___ Data to examine ___

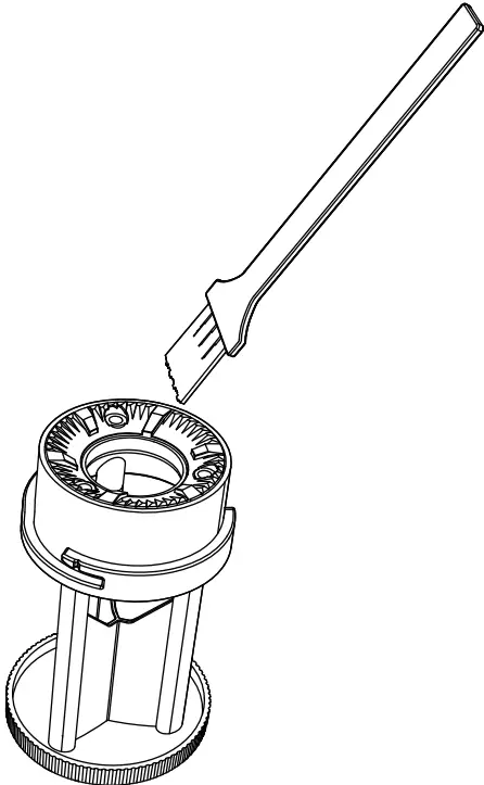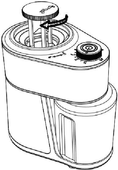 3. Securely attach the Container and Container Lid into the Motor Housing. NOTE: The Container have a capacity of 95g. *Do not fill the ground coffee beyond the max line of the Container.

___
___ Data to examine ___

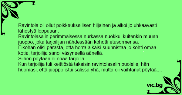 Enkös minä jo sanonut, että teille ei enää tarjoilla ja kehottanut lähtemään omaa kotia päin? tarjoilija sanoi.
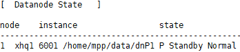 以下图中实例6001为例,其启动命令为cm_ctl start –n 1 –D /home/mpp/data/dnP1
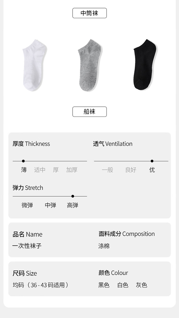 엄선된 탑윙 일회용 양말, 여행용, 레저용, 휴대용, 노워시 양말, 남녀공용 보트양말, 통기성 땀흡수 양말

___

Exercise prompt:
The answer should consist only of the lines above from the one with "Enkös minä jo" through the one with "엄선된 탑윙 일회용 양말, 여행용, 레저용, 휴대용, 노워시", repeated exactly, with no pictures among them.

Task solution:
 Enkös minä jo sanonut, että teille ei enää tarjoilla ja kehottanut lähtemään omaa kotia päin? tarjoilija sanoi.
 以下图中实例6001为例,其启动命令为cm_ctl start –n 1 –D /home/mpp/data/dnP1
 엄선된 탑윙 일회용 양말, 여행용, 레저용, 휴대용, 노워시 양말, 남녀공용 보트양말, 통기성 땀흡수 양말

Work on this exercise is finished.